We want future RADHARD production to stay close to mainstream component technology and suppliers. The dilemma is how and to whom we might make a low volume, high-type mix of specialized components an attractive business.
While buying RADHARD parts represents a very small part of DoD's budget, it exemplifies some lower-level product niches that are operationally important and may pose special problems. We will approach this case with the same set of industrial capability questions. We expect to establish an integrated product team to look at providing a crosscutting response on RADHARD components for all DoD users.
Before I summarize, let me offer you a final thought on the department's long-term budget plan. When I think of the future investment budget, I'm reminded of the "Peanuts" cartoon in which Charlie Brown is getting ready to kick a field goal and just downfield, Lucy is kneeling on a hash mark representing the year 2001. The football she is holding represents a procurement budget that we are counting on to grow by nearly 50 percent to pay for much-needed modernization programs across the department. Despite having been burned so many times before, Charlie Brown wants to believe the football will be there when he tries to kick it.
Ladies and gentlemen, I am not confident that the projected increases we are counting on will be there in 2001. ... [My] outyear forecast of the defense budget ... [comparing] the difference in budget authority set by the congressional budget resolution with that of the president's budget ... [indicates] there is an unsustainable ramp in the near term and in the long term.
Lucy appears to be planning to pull the football!
... The DoD must continue to reduce infrastructure and to execute our plans to achieve greater efficiency if we are to prevent Lucy from pulling the football away.
In conclusion, my thoughts regarding the support of our nation's strategic systems can best be summed up as follows:
One, the major results of the Nuclear Posture Review are as valid today as when the study was completed one year ago. For this reason, I do not see the need for any significant change in the budget for new strategic systems.
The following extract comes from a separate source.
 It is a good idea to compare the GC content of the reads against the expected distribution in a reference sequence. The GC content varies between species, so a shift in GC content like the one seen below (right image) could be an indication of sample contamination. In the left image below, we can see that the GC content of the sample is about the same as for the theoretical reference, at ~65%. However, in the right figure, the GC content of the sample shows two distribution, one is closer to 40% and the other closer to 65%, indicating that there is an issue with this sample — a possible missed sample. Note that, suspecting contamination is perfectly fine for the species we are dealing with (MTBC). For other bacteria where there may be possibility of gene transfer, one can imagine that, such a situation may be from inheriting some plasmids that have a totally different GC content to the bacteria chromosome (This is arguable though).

Two, the Department of Defense is committed to supporting industry-led restructuring; reforming our acquisition processes; and acting, when necessary, to protect endangered industrial capabilities looking across the defense program, though, I believe that these cases will be few.
And three, we need to pursue an affordable long-term sustainment strategy to support our strategic forces. This must include investing in key technology insertion and service-life extension programs and must give more careful thought to evolving requirements (i.e., flexibility, responsiveness and target changes hard, deep, relocatable).
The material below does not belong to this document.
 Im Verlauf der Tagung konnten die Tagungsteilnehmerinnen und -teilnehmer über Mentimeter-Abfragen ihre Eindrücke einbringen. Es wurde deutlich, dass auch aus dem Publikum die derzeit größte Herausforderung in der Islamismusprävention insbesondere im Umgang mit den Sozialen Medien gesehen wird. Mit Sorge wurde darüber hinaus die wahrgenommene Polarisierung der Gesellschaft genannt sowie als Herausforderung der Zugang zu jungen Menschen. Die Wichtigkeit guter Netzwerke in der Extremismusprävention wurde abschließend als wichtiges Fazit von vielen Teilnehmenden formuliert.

As we move through today's agenda, I believe these points will continue to surface as recurring themes.
In closing, I'd like to echo the words of Secretary Perry when he said, "In this uncertain new era, our strategic nuclear forces will continue to be America's ultimate insurance policy." It will take a team effort among the department's acquisition community, the operators and industry to support and sustain the men and women who will stand ready and pay the daily premium on America's insurance policy, 24 hours a day, for perhaps another 10,000 days.
This symposium will help illuminate the issues to be dealt with in creating a legacy for U.S. strategic forces in the year 2010. Talking about the issues and solutions is OK, what matters is what we do about them.
Thank you all for coming. I appreciate the opportunity to meet with you and to get firsthand exposure to your issues and your views. We have an opportunity to work together here to increase our common understanding of the issues and forge a path ahead.